14. O Comitê está atento à evolução dos cenários doméstico e internacional e segue
preparado para atuar, de forma a minimizar eventual contaminação desproporcional
sobre os preços dos ativos locais. O Comitê segue entendendo que políticas
macroeconômicas que aumentem a previsibilidade fiscal, que reduzam os prêmios de risco
e a volatilidade dos ativos contribuem para a estabilidade financeira e, consequentemente,
melhoram a capacidade de pagamento dos agentes.
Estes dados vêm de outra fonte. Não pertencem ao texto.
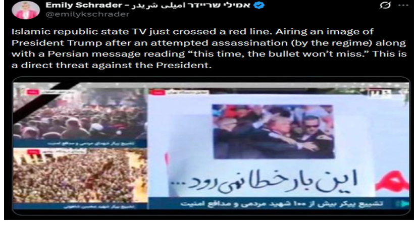 2024 ജൂലൈയില് പെന്സില്വാനിയയിലെ ബട്ലറില് നടന്ന തിരഞ്ഞെടുപ്പ് റാലിയില് നിന്നുള്ള ട്രംപിന്റെ ചിത്രമാണ് ഇറാനിയന് സ്റ്റേറ്റ് ടിവി സംപ്രേഷണം ചെയ്തത്. ഇറാനെതിരെ സൈനിക ആക്രമണം നടത്താന് ട്രംപ് ആലോചിക്കുന്നു എന്ന വാര്ത്ത പുറത്തു വന്നതിനു പിന്നാലെയാണ് അമേരിക്കന് പ്രസിഡന്റിന് നേരെ ഉയര്ത്തുന്ന ഏറ്റവും വലിയ ഭീഷണി ഈ പ്രക്ഷേപണത്തിലൂടെ ഇറാന് നടത്തിയത്.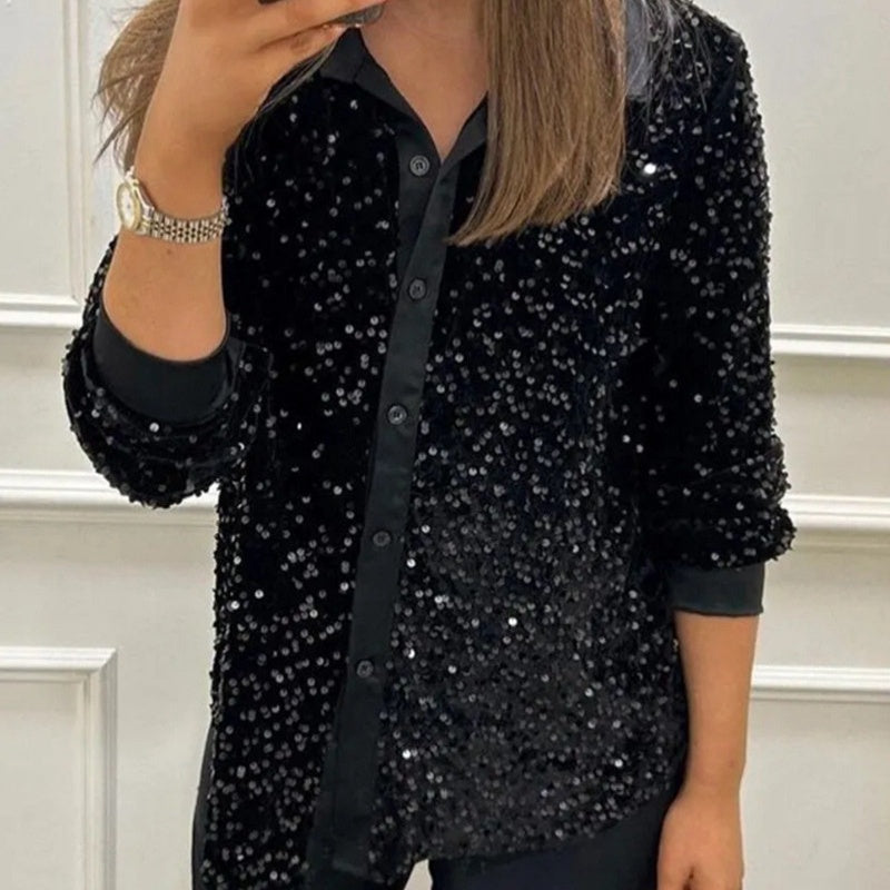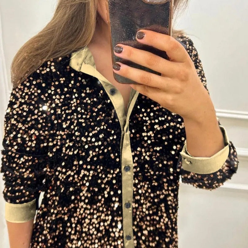 🌈50 % Rabatt für begrenzte Zeit💞Partyhemd mit Pailletten und Button-Down-Revers für Damen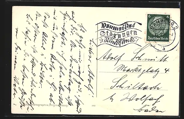 Personenbezogene Daten auf der Rückseite der Karte wurden durch blauen Textmarker unkenntlich gemacht. Die blauen Stellen sind auf die Vorderseite durchgeweicht und wirken sich negativ auf das Postkartenfoto aus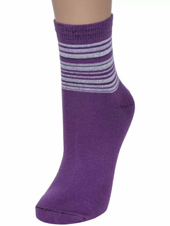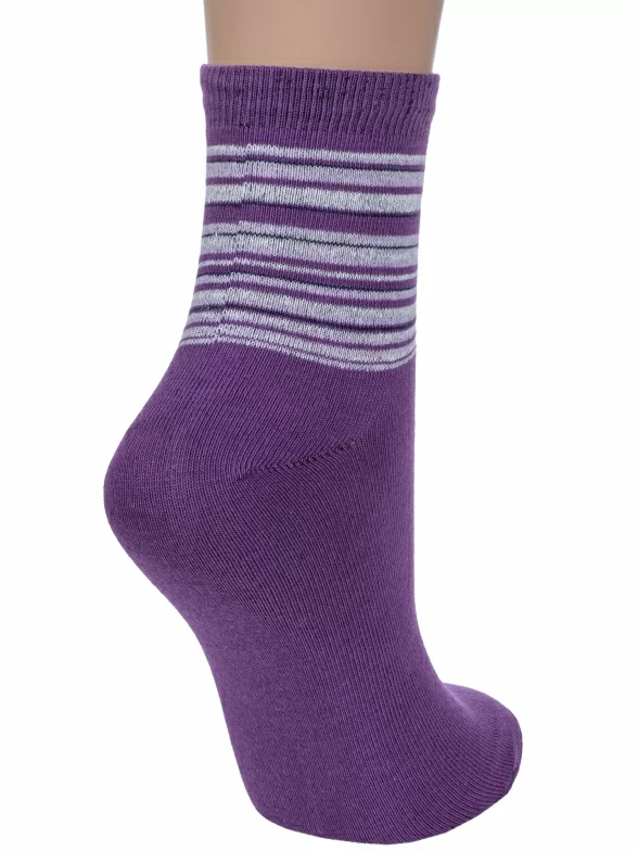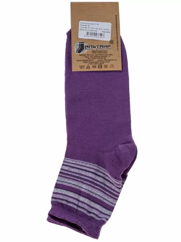 Круглогодичные укороченные женские носки, цвет фиолетовый, классические, шов обычный (не бесшовные), принт (рисунок): полоски, с узором, состав: 78% хлопок, 20% полиамид, 2% эластан, арт. С46. Производитель «ООО Альтаир, г. Орск, Оренбургская обл, Россия» под брендом «Альтаир».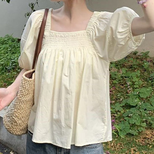 HOTBBA / 스퀘어넥 벌룬소매 스모크밴딩 반팔블라우스 NF_57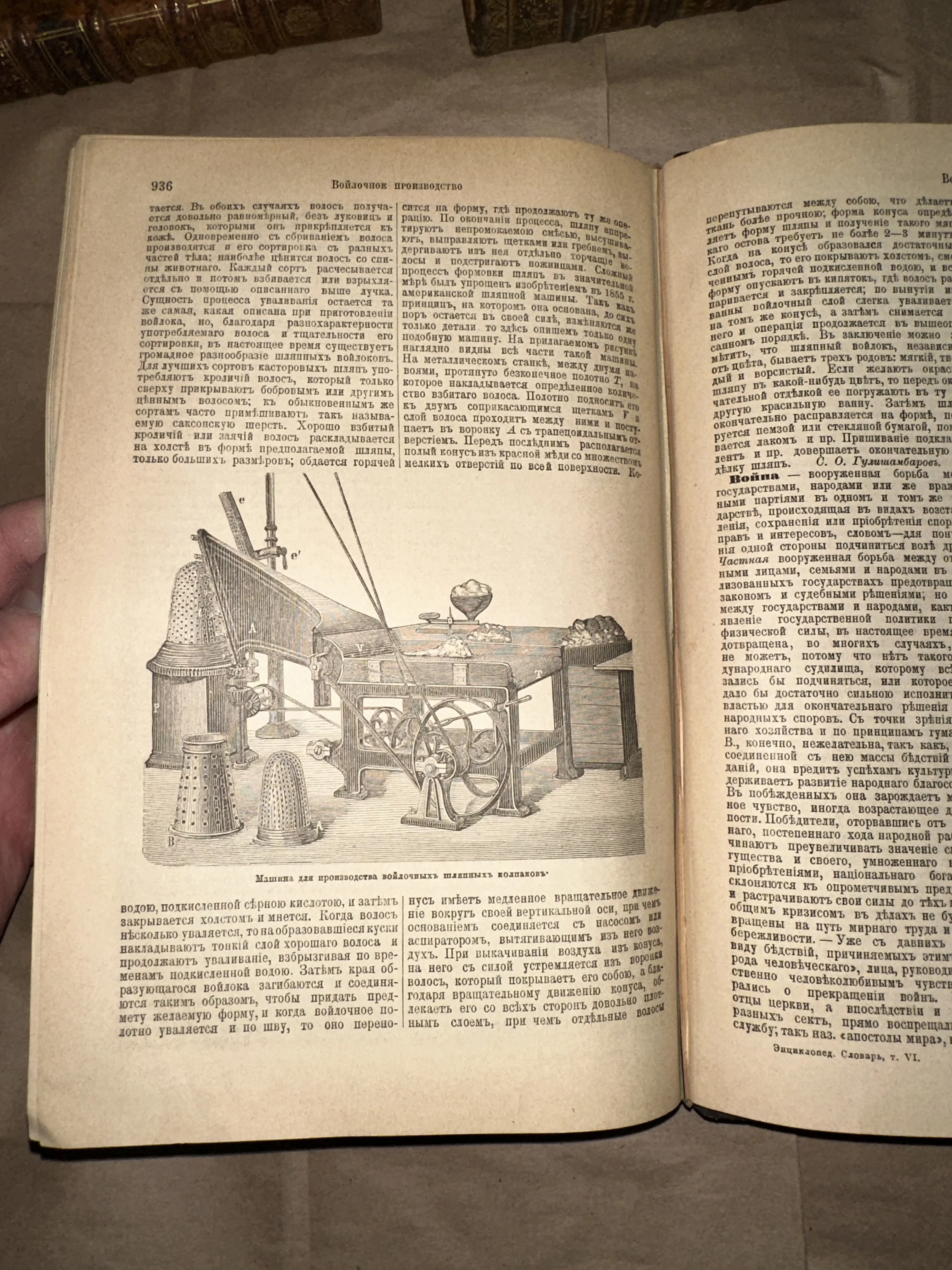Разворот старинной книги с дореволюционным текстом на русском языке и детальной гравюрой промышленного станка для изготовления шляпного войлока.

D) Decisão de política macroprudencial
15. O Comef decidiu que, dadas as condições atuais e as expectativas quanto ao
cenário econômico, o ACCPBrasil continuará em 0%. O Comitê avalia que a política
macroprudencial neutra segue adequada ao atual momento. A decisão considerou as
condições financeiras, os preços dos ativos e as expectativas quanto ao comportamento do
mercado de crédito.
16. O Comitê segue avaliando a adoção da sistemática de definição de um valor
positivo para o ACCPBrasil aplicável a períodos sem acúmulo significativo de riscos
financeiros, o chamado buffer neutro positivo. O Comef iniciou a etapa de diálogo
com a sociedade sobre o tema. A título de exemplo, a sistemática foi objeto de
discussão
1
por especialistas durante a Conferência Anual do Banco Central do Brasil
realizada no início de maio de 2026.